I would have marched with them, but then decided it was time for French women to do their own protesting. For too long now, I’ve watched the strident feminist voices of opposition coming across the Atlantic from North America, mainly the USA. It’s time now for French women to take to the streets and demand change themselves. They’ve been far too passive. As I mentioned in an earlier blog post, there was no sisterhood in this country (and little dissent.) This resulted in aiding and abeting the deeply entrenched sexism here.
Here’s an anecdote: it was 1999 and I was sick and tired of the sexist advertising campaigns in this country. There was one ad – plastered on the metro station walls all over the city – that particularly irked me. It showed a young woman, buck naked and covered in oil that made her skin glisten, crouched down, her feet in starting blocks, her bum in the air. I can’t remember what the ad was for (does it matter?) Fed up, I contacted the only feminist group that existed at that time, they called themselves Les Chiennes de Garde which is a play on words. It means “watchdogs”, but “chienne” also means “bitch”, as in a female dog.
I introduced myself, saying I was from Canada and I was shocked not only by the sexist advertising, but the seeming absence of any feminist or protest group in France. The women from the Chiennes de Garde were extremely hostile and unwelcoming towards me. In the end, they instructed me to do the following – to go down into the Parisian subway stations at night, around 10 pm when there was less traffic, and plaster the offending posters with stickers that read “NON à l’utilisation du corps de la femme à des fins mercantiles!” (NO to the use of women’s bodies for commercial purposes!)

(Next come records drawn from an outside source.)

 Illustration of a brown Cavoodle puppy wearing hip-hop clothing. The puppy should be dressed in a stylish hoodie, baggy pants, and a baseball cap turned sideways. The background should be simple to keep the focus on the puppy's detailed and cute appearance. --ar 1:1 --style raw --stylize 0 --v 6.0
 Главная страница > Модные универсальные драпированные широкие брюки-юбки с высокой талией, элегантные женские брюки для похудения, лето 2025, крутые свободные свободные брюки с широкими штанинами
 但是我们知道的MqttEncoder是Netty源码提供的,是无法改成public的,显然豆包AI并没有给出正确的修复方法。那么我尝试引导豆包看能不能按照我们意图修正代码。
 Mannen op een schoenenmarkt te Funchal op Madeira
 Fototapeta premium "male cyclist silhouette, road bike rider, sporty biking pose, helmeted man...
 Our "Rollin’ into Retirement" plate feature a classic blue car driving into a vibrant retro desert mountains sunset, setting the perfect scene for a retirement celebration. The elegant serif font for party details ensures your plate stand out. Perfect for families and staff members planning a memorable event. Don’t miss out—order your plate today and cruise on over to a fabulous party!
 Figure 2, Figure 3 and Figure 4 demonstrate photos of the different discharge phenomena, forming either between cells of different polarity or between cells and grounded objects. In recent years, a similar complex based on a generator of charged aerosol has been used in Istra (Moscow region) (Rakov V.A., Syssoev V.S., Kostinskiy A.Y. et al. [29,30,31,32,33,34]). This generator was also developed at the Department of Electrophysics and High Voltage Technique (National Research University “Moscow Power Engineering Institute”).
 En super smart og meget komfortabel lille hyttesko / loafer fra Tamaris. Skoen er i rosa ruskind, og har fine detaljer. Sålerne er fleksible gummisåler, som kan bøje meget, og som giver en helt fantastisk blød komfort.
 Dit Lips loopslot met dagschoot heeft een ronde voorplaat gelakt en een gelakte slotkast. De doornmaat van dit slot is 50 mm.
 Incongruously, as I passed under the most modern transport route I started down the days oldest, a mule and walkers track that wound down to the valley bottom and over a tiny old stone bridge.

“OK,” I said gamely, “How many will we be?”
“You’ll be alone,” was the answer. “Alone?” I replied, “I was hoping this would be a group action.” Apparently not. What happened to their slogan “mener une action collective“? (take collective action). I guess they had more important things to attend to. But I was not discouraged. Fine, I said to myself, I’ll tackle this thing single-handedly. And so I spent a few hours hand-writing with a magic marker ‘NON à l’utilisation du corps de la femme à des fins mercantiles’ onto a hundred stickers and out I went into the night, at around 10 pm.
And I did the action, alone and with no help from Les Chiennes de Garde or anyone else, riding the metro and getting out at the stations where I saw the offending poster and sticking my sticker onto it then waiting for the next train to get back on and continue riding the rails. Later I learned that it’s illegal to deface advertising posters (they hadn’t told me this.) I was also probably filmed by the subway station cameras, but no-one stopped me. The next morning I took the metro to work and in each station I saw my little stickers on the posters. I giggled inwardly and felt good.
Flash-forward to November 2017 and French women marching in the streets of Paris –
“President Macron!,” they exhorted, “You have the power to ensure that sexual violence stops.” They demanded a plan of action with concrete measures. The key words of the new governmental measures are “protection” and “punishment.” To protect women at home, in the streets and in the workplace, and to enforce disciplinary measures against their harassers. Let’s see if President Macron delivers.